Balancing property with the number of observations and reduction in bias after matching is presented in [Supplementary Table S4]a and [Supplementary Table S4]b, respectively. [Supplementary Figure S1] and [Supplementary Figure S2] give a graphical representation of the balancing test in matched individual samples for inpatient and outpatient care, respectively.
Average treatment effect after matching on individual-level outcome variables
The difference in the per episode OOPE for inpatient and outpatient care between individuals with cancer and two matched control groups (any chronic condition and high OOPE chronic ailments) is shown in [Table 4]. For inpatient treatment, the per episode OOPE for cancer was ₹52,393 more than that for any other matched chronic ailment and ₹48,293 more than that for matched high-expenditure chronic ailments. The per episode OOPE was higher for cancer treatment both in the public and private sector hospitals. The per episode expenditure on inpatient treatment for cancer in a private facility was ₹115,000. The per episode expenditure on drugs and diagnostics for patients receiving outpatient cancer care was about five times greater than that for patients receiving outpatient care for any other chronic ailments and high-OOPE chronic ailments. Patients with cancer also spent about ₹4500 more on non-medical items including transportation, food, lodging, etc., for each inpatient episode of cancer when compared to those with any other ailments. Similar trends were observed for outpatient treatment. The OOPE for cancer treatment was significantly greater than that for the treatment of other ailments for all the indicators of expenses.
|Table 4: Out-of-pocket expenditure and utilization of health-care in the matched sample of individuals|
Click here to view
As far as health-care utilization is concerned, patients with cancer were likely to have double the number of days of hospital stay as compared to the matched patients with other chronic ailments and more than double as compared to the matched patients with high-OOPE chronic ailments.

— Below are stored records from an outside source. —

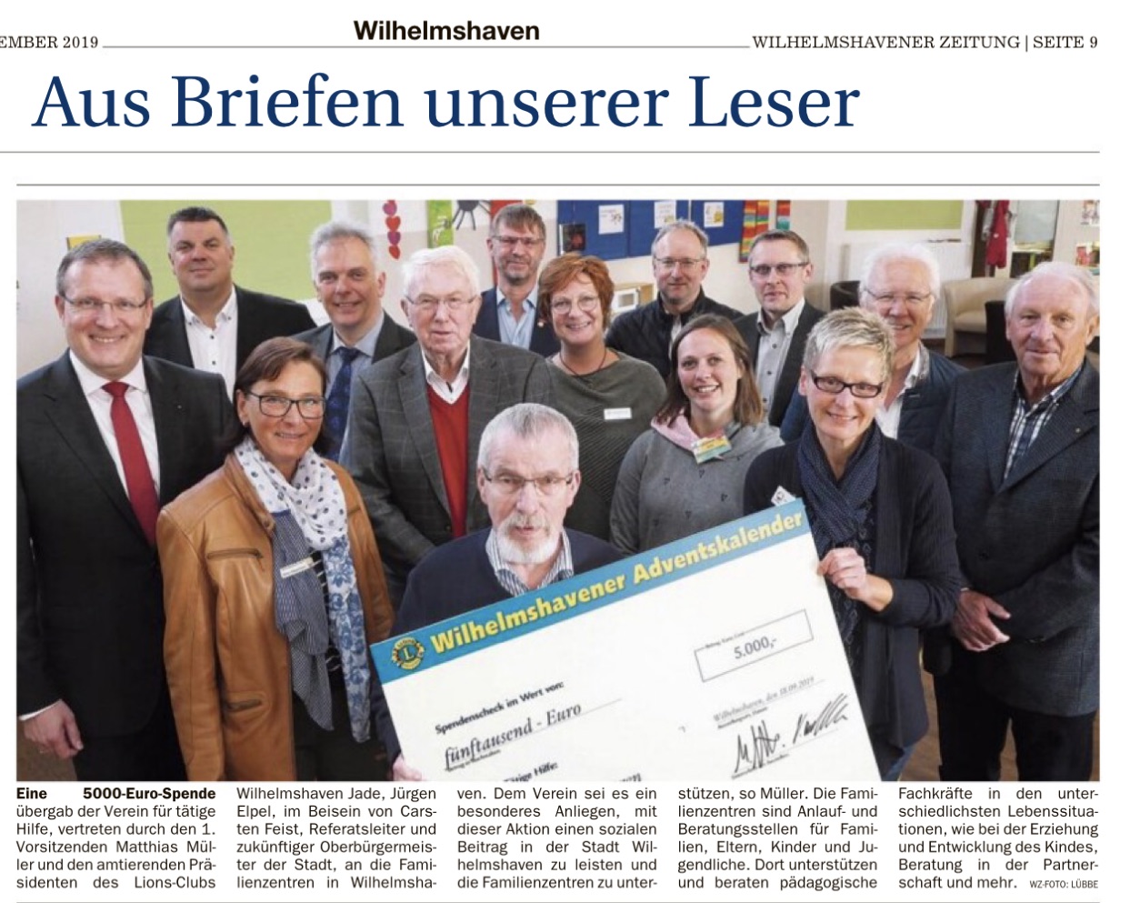 Eine 5.000-Euro-Spende übergab der Verein für tätige Hilfe, vertreten durch den 1. Vorsitzenden Matthias Müller und den amtierenden Präsidenten des Lions-Clubs Wilhelmshaven-Jade, Jürgen Elpel, im Beisein von Carsten Feist, Referatsleiter und zukünftiger Oberbürgermeister der Stadt, an die Familienzentren in Wilhelmshaven. Dem Verein sei es ein besonderes Anliegen, mit dieser Aktion einen sozialen Beitrag in der Stadt Wilhelmshaven zu leisten und die Familienzentren zu unterstützen, so Müller. Die Familienzentren sind Anlauf- und Beratungsstellen für Familien, Eltern, Kinder und Jugendliche. Dort unterstützen und beraten pädagogische Fachkräfte in den unterschiedlichsten Lebenssituationen, wie bei der Erziehung und Entwicklung des Kindes, Beratung in der Partnerschaft und mehr.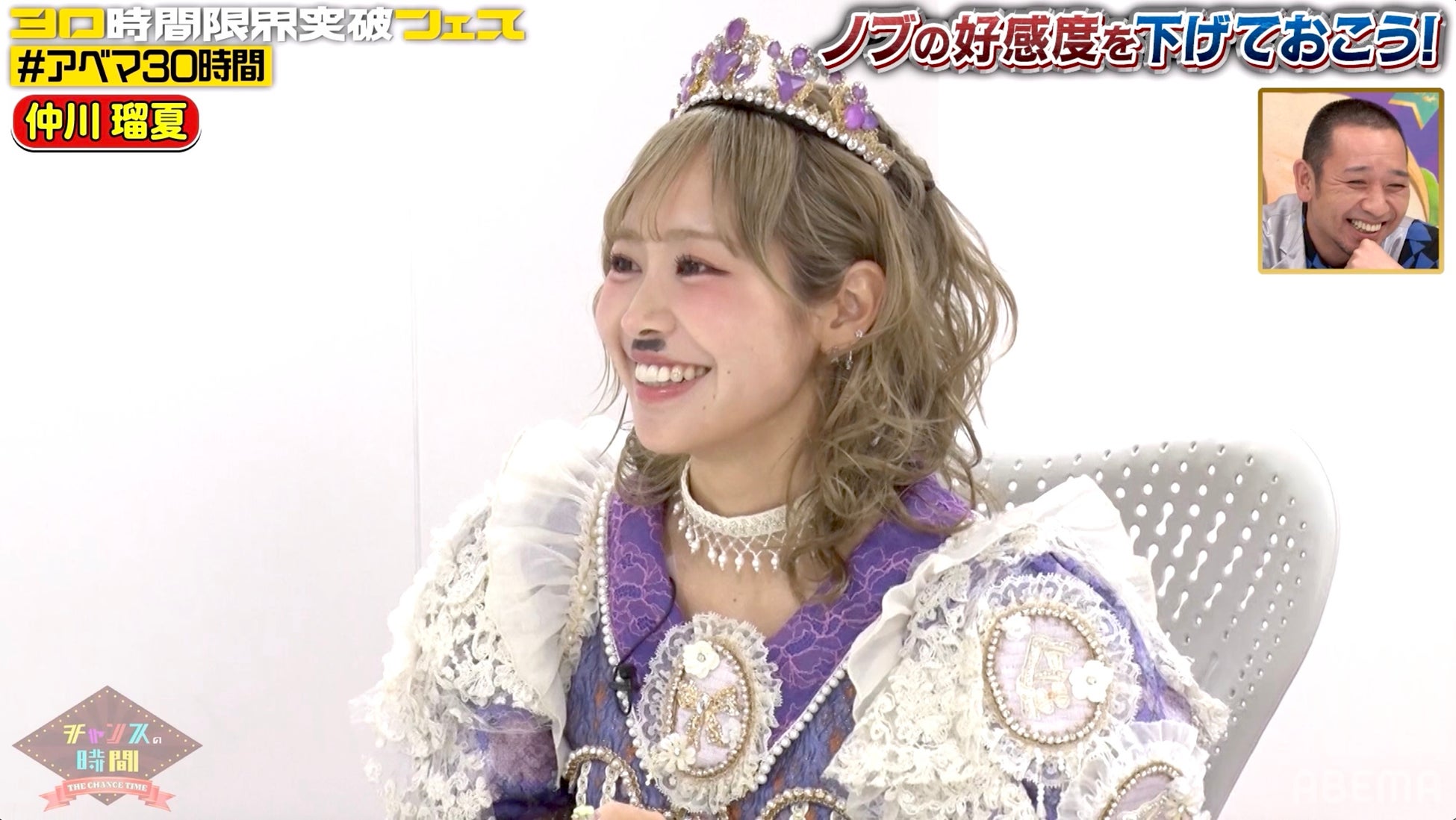 『30時間限界突破フェス』内にて放送した『「チャンスの時間」ノブの好感度を下げておこう30時間フェスver.』は、ノブが不祥事を起こす前に、上がりすぎた好感度をあらかじめ下げて不測の事態に備える『チャンスの時間』の人気企画です。大悟の指示で“イヤな奴”になりきったノブが、楽屋挨拶に訪れるゲストに対して“好感度落下チャレンジ”を行い、今回、相手役として大人気アイドルグループ・FRUITS ZIPPERの仲川瑠夏と、俳優・山本裕典が登場しました。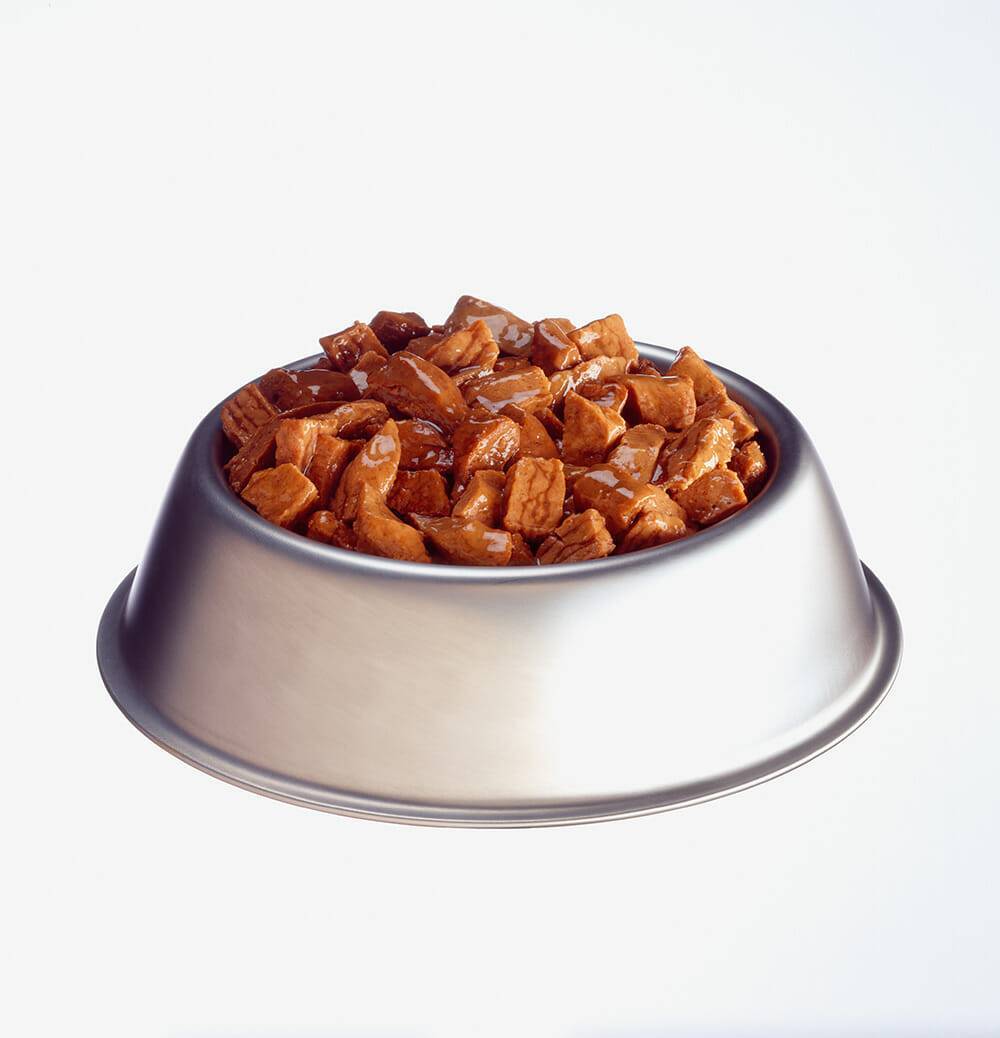 Используется в качестве основного питания и имеет отличное качество. В составе владелец животного сможет найти кусочки мяса с подливой, количество белков не менее 50 %. Консервы выпускаются в жестяных банках, подходят для питомцев, которые страдают от избытка лишнего веса.

Average treatment effect after matching on household level outcome variables
The burden of cancer on the households is described using various indicators in [Table 5]. Treatment of cancer led to a considerably higher per person burden of health-care expenditure on the households. The per person OOPE for households with at least one cancer patient exceeded that of the other households by ₹19,371 for inpatient care and ₹866 for outpatient care. Households with ailing members faced a loss in income due to the inability of the ailing persons and their caregivers to go to work. The per person loss in income for a cancer-affected household was 2.5 times that of a non-cancer-affected household for inpatient care and 4 times that of a non-cancer-affected household for outpatient care. The number of households per 100 that borrowed money to pay for inpatient health-care was 15 more for cancer than that for non-cancer ailments; for outpatient health-care this difference was 4.5. The share of monthly income spent on inpatient or outpatient OOPE by a cancer-affected household was double of that spent by a non-cancer-affected household. Health-care utilization for other chronic ailments by the rest of the family members in a cancer-affected household was lower than that for a non-cancer-affected household by 26–28 visits per 100 persons.
| Discussion|| |
Our results showed that in addition to a significant disruption in the overall well-being of the individuals and caregivers, cancer imposed an enormous economic burden on the affected households. The results of this study are robust because they demonstrate a greater burden due to cancer not only in comparison to all chronic conditions but also in comparison to those chronic conditions that have a high OOPE. Like several other studies, from various countries including India, this study reflects a greater financial burden in terms of OOPE and income loss due to cancer.,,,
Our results show that in the absence of expenditure support, a large proportion of households resort to selling their assets or borrowing money to undertake OOPE when there is a cancer-affected individual in the family. In addition, we have reported reduced health-care utilization and expenditure for other members of the cancer-affected households.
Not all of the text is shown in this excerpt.